Material for this task =>

------------------------------------------------------------------------

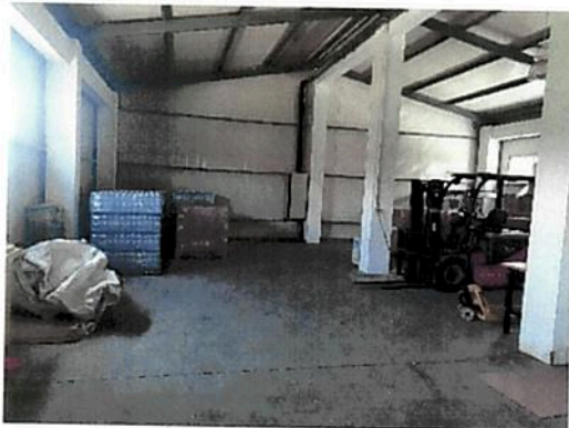
Interior zona Hala Fabrica C2
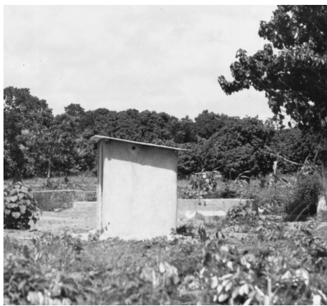
Proyecto “Servicios Higiénicos”.

En los primeros días de diciembre reunimos nuevamente a los encargados de grupos para ver las actividades y ponernos de acuerdo en ciertas decisiones a tomar. Se propuso una misa a media noche el veinticuatro y el treinta y uno, se confirmaron las casas a visitar con la pastorela y se comprometieron a escribir algo sobre las actividades para el nuevo número de la hoja parroquial. Feliz Navidad y feliz Año Nuevo.
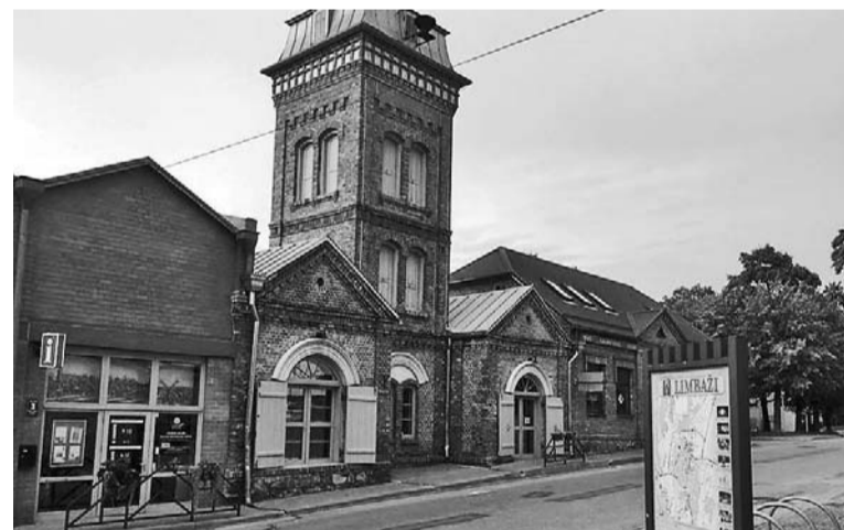
Vecais ugunsdzēsēju depo Limbažos pārtapis par tūrisma un informācijas centru
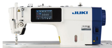
Juki DDL900C – швейна машина з системою контролю довжини стібка
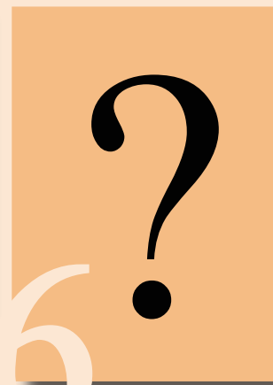
Kto bude ďalší?

Pochádza z Partizánskeho, farnosť Šimonovany, kde prežil aj svojich 24 rokov. Navštevoval SPŠ v Partizánskom. Má šesť súrodencov. Rád športuje a číta. Miništrovať začal ako 12-ročný, no o kňazstve vôbec nepremýšľal. K tomu prišlo až po vojenskej službe, keď sa ako 23-ročný rozhodol odpovedať na Pánove volanie. Ako doping mu slúži adorácia pred sviatosťou oltárnou a modlitba.
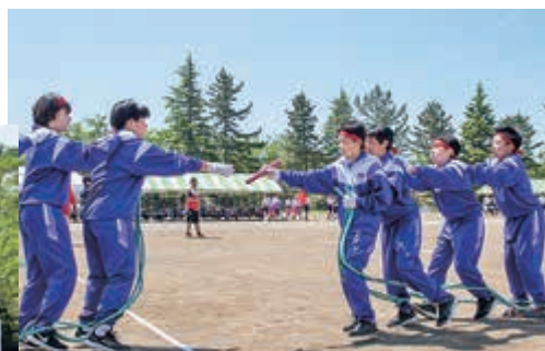
▲1学年男女による団体競技『ムカデ競争』
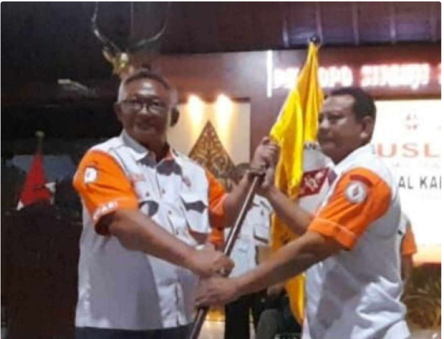
Muslok XVI ORARI Banyumas berlangsung Lancar dan Demokratis

BANYUMAS - Musyawarah Lokal (Muslok) XVI Organisasi Amatir Radio Indonesia (ORARI) Lokal Kabupaten Banyumas Tahun 2025 berlangsung lancar, demokratis, dan penuh semangat kebersamaan. Kegiatan tersebut digelar di Pendopo Sipanji Purwokerto, Minggu (21/12/2025),
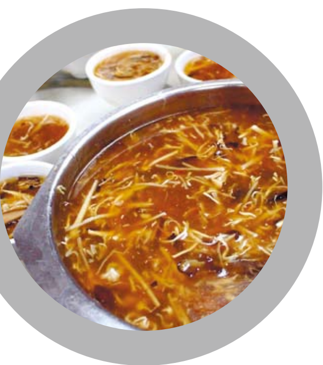
在粵菜中，蛇是上等佳品。

廣州是一座歷史文化名城，不少的廣州小吃都是流傳自明清時期，經過漫長的歷史沉澱，經久不衰，一代代流傳下來。「食在廣州」不是虛言，「識飲識食」的廣州人大都深諳哪條街道的角落有最馨香濃郁的牛雜，也知道哪間店鋪的廣式生滾粥最綿滑，各式各樣、大大小小的美食分布在廣州的大街小巷，在廣州人的心中，他們都有自己的一幅「搵食地圖」，他們從來不會為尋找美食而失去耐性和方向感，那些地道的廣味美食總會讓一個吃貨的幸福感爆棚！
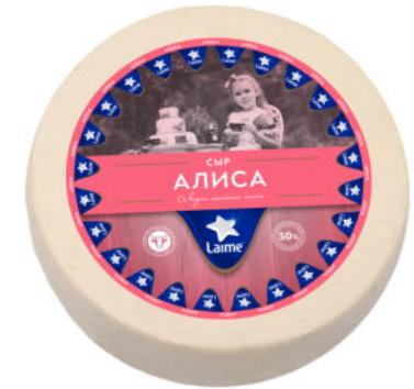
Сыр Laimе Алиса 50%

Сыр Laimе Алиса со вкусом топленого молока – полутвердый сыр с нежно-пряным послевкусием топленого молока. Отлично оттенит терпкий вкус кофе и придаст пикантности множеству кулинарных блюд.
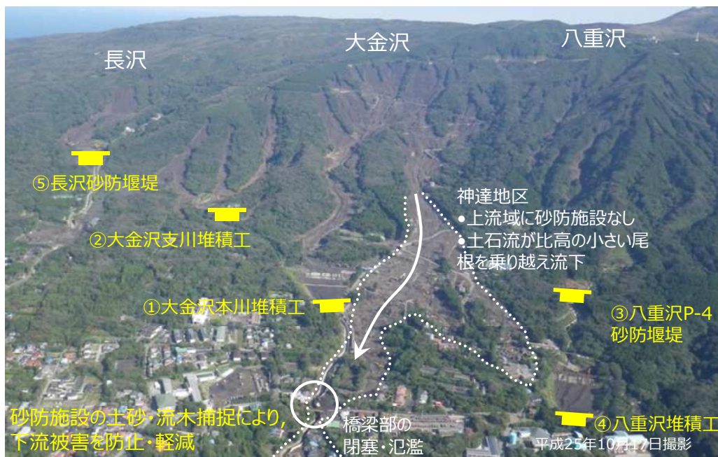
写真 3.2.1 土石流発生状況と砂防施設配置状況

------------------------------------------------------------------------

What the exercise asks =>
Set down the line containing "Muslok XVI ORARI", then every later line through the end of the material, exactly as written; omit any picture.

The completed task =>
Muslok XVI ORARI Banyumas berlangsung Lancar dan Demokratis

BANYUMAS - Musyawarah Lokal (Muslok) XVI Organisasi Amatir Radio Indonesia (ORARI) Lokal Kabupaten Banyumas Tahun 2025 berlangsung lancar, demokratis, dan penuh semangat kebersamaan. Kegiatan tersebut digelar di Pendopo Sipanji Purwokerto, Minggu (21/12/2025),
在粵菜中，蛇是上等佳品。

廣州是一座歷史文化名城，不少的廣州小吃都是流傳自明清時期，經過漫長的歷史沉澱，經久不衰，一代代流傳下來。「食在廣州」不是虛言，「識飲識食」的廣州人大都深諳哪條街道的角落有最馨香濃郁的牛雜，也知道哪間店鋪的廣式生滾粥最綿滑，各式各樣、大大小小的美食分布在廣州的大街小巷，在廣州人的心中，他們都有自己的一幅「搵食地圖」，他們從來不會為尋找美食而失去耐性和方向感，那些地道的廣味美食總會讓一個吃貨的幸福感爆棚！
Сыр Laimе Алиса 50%

Сыр Laimе Алиса со вкусом топленого молока – полутвердый сыр с нежно-пряным послевкусием топленого молока. Отлично оттенит терпкий вкус кофе и придаст пикантности множеству кулинарных блюд.
写真 3.2.1 土石流発生状況と砂防施設配置状況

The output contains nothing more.